Using a Hetzner cloud server AMD EPYC (8c 16GB).
No other applications, this server is just for this site. Was using Soketi (no CPU issues) but it doesn't work on node v20, which is why I switched to Reverb after Laravel upgrade.
Echo.join('online-users')
.here((users) => {
this.onlineUsers = users;
})
.joining((user) => {
this.onlineUsers.push(user);
})
.leaving((user) => {
this.onlineUsers = this.onlineUsers.filter(u => u.id !== user.id);
});
In channels.php it's just a return of user data. Username, country, link to profile.
It's been fine since I deployed last - 24/03/2024 22:00 UTC.
Thanks for the reply. Going to close this for now, but please mention me in this thread if you see the issue again and I will reopen.
@joedixon Started happening again. If there's any debugging I can do, let me know.

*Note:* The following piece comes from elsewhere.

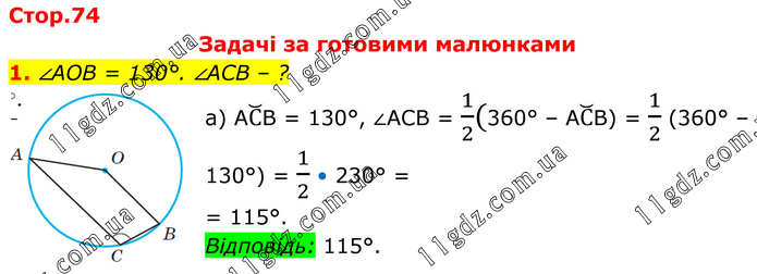 Задачі за готовими малюнками 1. ∠AOB = 130°. ∠ACB – ? a) AC ̆B = 130°, ∠ACB = 1/2(360° – АC ̆В) = 1/2 (360° – 130°) = 1/2 • 230° = = 115°. Відповідь: 115°.
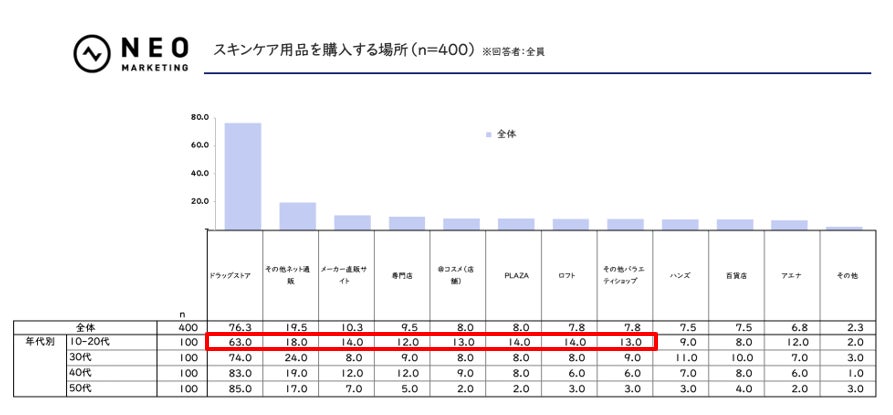 一方で10–20代は63.0%とやや低く、「@コスメ(店舗)」や「ロフト」など複数のバラエティショップ、さらには「メーカー直販サイト」や「その他ネット通販」も10%強活用しており、チャネルの“多拠点化”が進んでいます。

@bbashy Would be good to get a better picture of your environment and use case. Would you mind answering the following:
// Connections
app(\Illuminate\Broadcasting\BroadcastManager::class)
->getPusher()
->get('/connections');
// Channels
app(\Illuminate\Broadcasting\BroadcastManager::class)
->getPusher()
->get('/channels', ['info' => 'subscription_count']);
Psy Shell v0.12.2 (PHP 8.2.17 — cli) by Justin Hileman
> app(\Illuminate\Broadcasting\BroadcastManager::class)->getPusher()->get('/connections');
= {#5634
+"connections": 117,
}
> app(\Illuminate\Broadcasting\BroadcastManager::class)->getPusher()->get('/channels', ['info' => 'subscription_count']);
= {#5606
+"channels": {#5612
+"servers-booked": {#5610
+"subscription_count": 14,
},
+"stats-counter": {#5605
+"subscription_count": 14,
},
+"presence-public-chat": {#5607},
},
}
No need to install Pulse, just wanted to rule it out as a factor.
Would be interesting to run with debug mode enabled for a little while (which in itself will increase CPU) to see if anything untoward is happening when the CPU spikes.
Running with debug now and I'm running a script to gather the cpu % every 2 seconds.
Will report here with data.
Gone up to 100% again, here's the cpu usage, pretty much instant, not gradual. Running in debug for 24 hours.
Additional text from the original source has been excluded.